INPUT FOR THIS TASK Start Marker

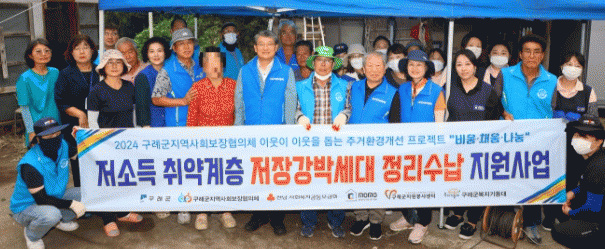 ±¸·Ê±º Áö¿ª»çȸº¸ÀåÇùÀÇü, ¿ì¸®µ¿³× º¹Áö±âµ¿´ë, ÀÚ¿øºÀ»çÀÚ µî 30¿© ¸íÀº °Åµ¿ÀÌ ºÒÆíÇÑ ³ëºÎºÎÀÇ ÁýÀ» ¹æ¹®ÇØ ¿À·§µ¿¾È ½×¿©ÀÖ´ø ¾²·¹±â¸¦ ó¸®Çϰí Á¤¸® ¼ö³³¿¡ ³ª¼¹´Ù.
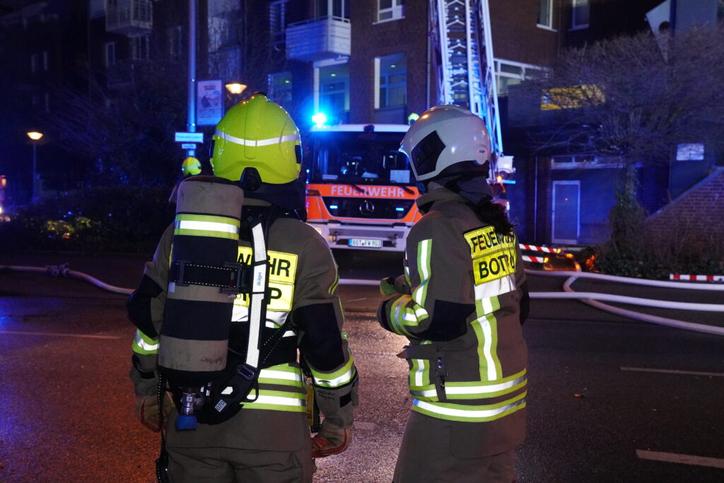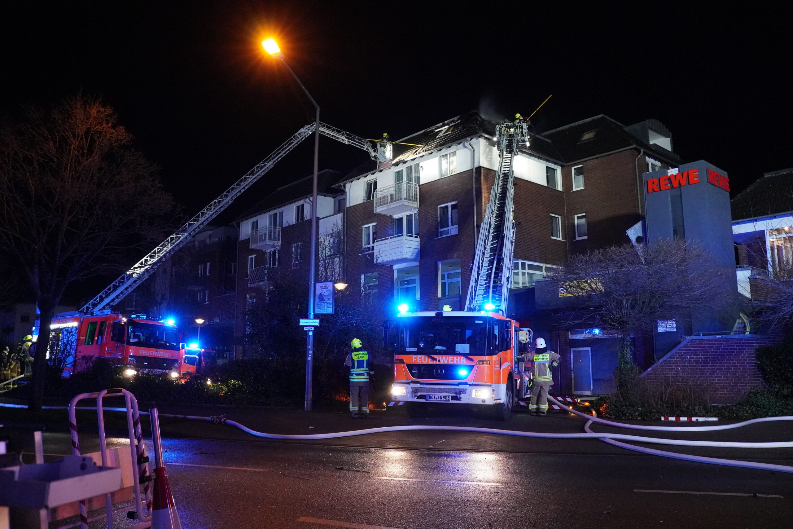 Um 0.40 wurde über den Notruf 112 ein Dachstuhlbrand auf der Schulze-Delitzsch-Straße in Kirchhellen gemeldet. Bei Eintreffen der Einsatzkräfte der Feuerwehr brannte es im Bereich des Dachfirstes eines Mehrfamilienhauses. Durch die gezielte Brandbekämpfung im Innenangriff und die parallele Brandbekämpfung von außen über eine Drehleiter konnte die Ausbreitung auf die gesamte Dachfläche verhindert werden.
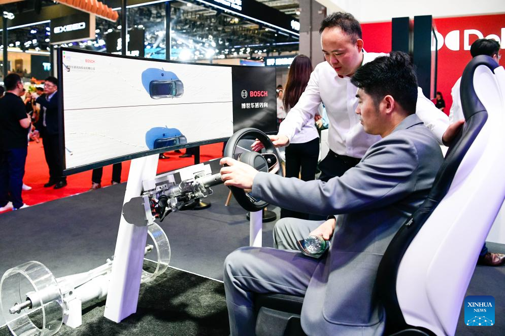 Un visitante prueba una solución de un sistema de dirección de Bosch Huayu en la XXI Exposición Internacional de la Industria Automotriz de Shanghai, en Shanghai, en el este de China, el 25 de abril de 2025. Con el tema "Abrazando la Innovación, Empoderando el Futuro", la exposición, también conocida como Auto Shanghai 2025, comenzó aquí el miércoles, atrayendo a casi 1.000 empresas destacadas de 26 países y regiones. Además del debut de nuevos modelos, los fabricantes de automóviles también aprovecharon el escenario con sus últimas tecnologías para vehículos inteligentes, como la conducción inteligente, sistemas de inteligencia artificial (IA) y cabinas inteligentes. (Xinhua/Wang Xiang)
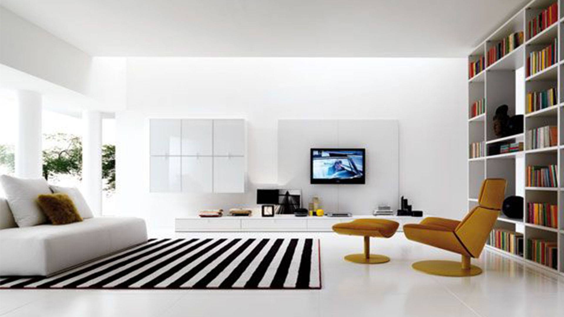 Модульные системы в стиле минимализма отличаются простотой и эффектностью. Предполагается наличие большого количества гладких, блестящих поверхностей, что позволяет визуально расширить пространство гостиной. Предпочтение отдаётся светлым цветам или комбинации белого и чёрного.
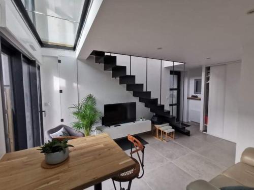 Maison bois Port-Louis is set in Port-Louis, 14 km from Parc des Expositions Lorient, 16 km from Lorient Train Station, as well as 17 km from Football Club Lorient. This beachfront property offers access to a terrace and free WiFi. The property is non-smoking and is situated 1.4 km from Grande Plage de Port-Louis. The holiday home is composed of 1 bedroom, a fully equipped kitchen, and 1 bathroom. A flat-screen TV is available. Plouharnel Train Station is 23 km from the holiday home, while Quiberon Train Station is 37 km from the property. The nearest airport is Lorient South Brittany Airport, 25 km from Maison bois Port-Louis.
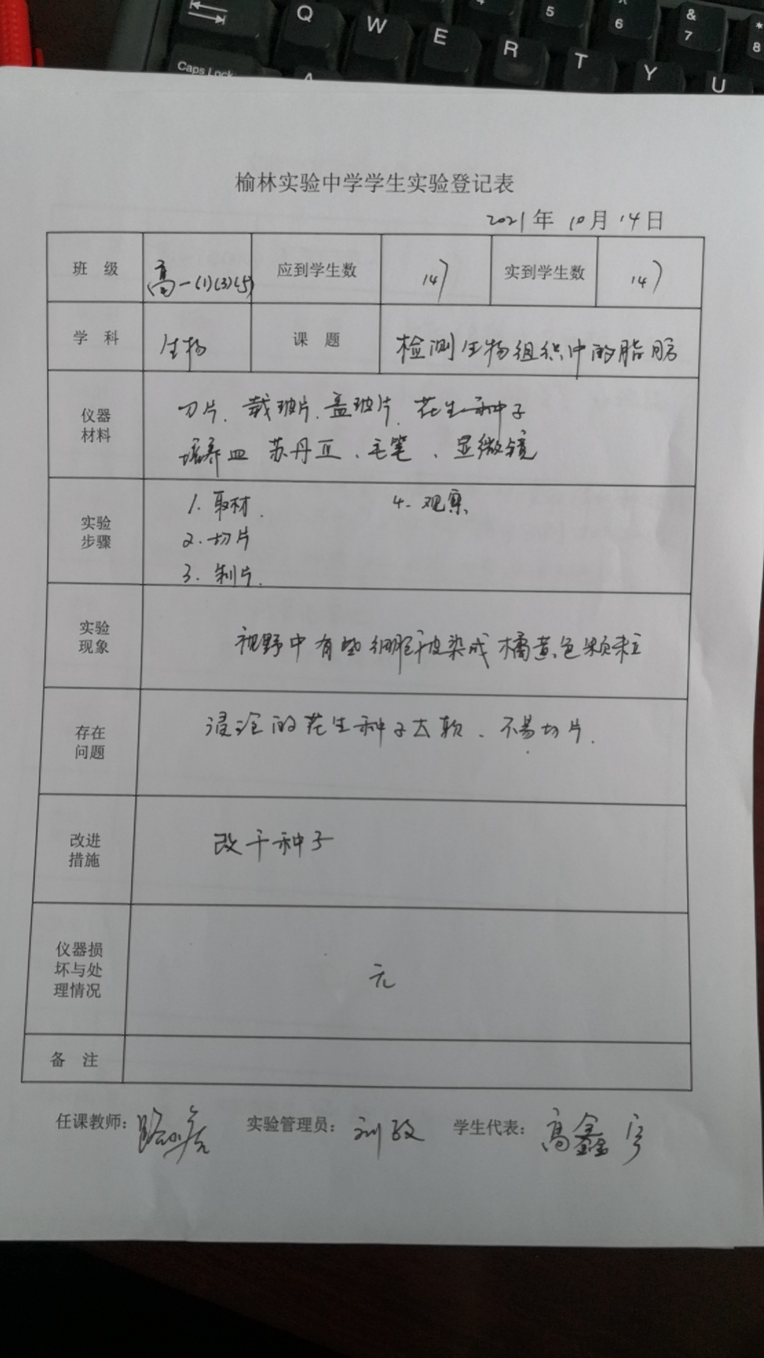 实验登记表

INPUT FOR THIS TASK End Marker

▶ _YOUR TASK_: Please transcribe exactly the lines from the one containing "Модульные системы в" through the final line of the data, including both, and nothing else. Pictures are to be left out.

▶ _REPLY_:
 Модульные системы в стиле минимализма отличаются простотой и эффектностью. Предполагается наличие большого количества гладких, блестящих поверхностей, что позволяет визуально расширить пространство гостиной. Предпочтение отдаётся светлым цветам или комбинации белого и чёрного.
 Maison bois Port-Louis is set in Port-Louis, 14 km from Parc des Expositions Lorient, 16 km from Lorient Train Station, as well as 17 km from Football Club Lorient. This beachfront property offers access to a terrace and free WiFi. The property is non-smoking and is situated 1.4 km from Grande Plage de Port-Louis. The holiday home is composed of 1 bedroom, a fully equipped kitchen, and 1 bathroom. A flat-screen TV is available. Plouharnel Train Station is 23 km from the holiday home, while Quiberon Train Station is 37 km from the property. The nearest airport is Lorient South Brittany Airport, 25 km from Maison bois Port-Louis.
 实验登记表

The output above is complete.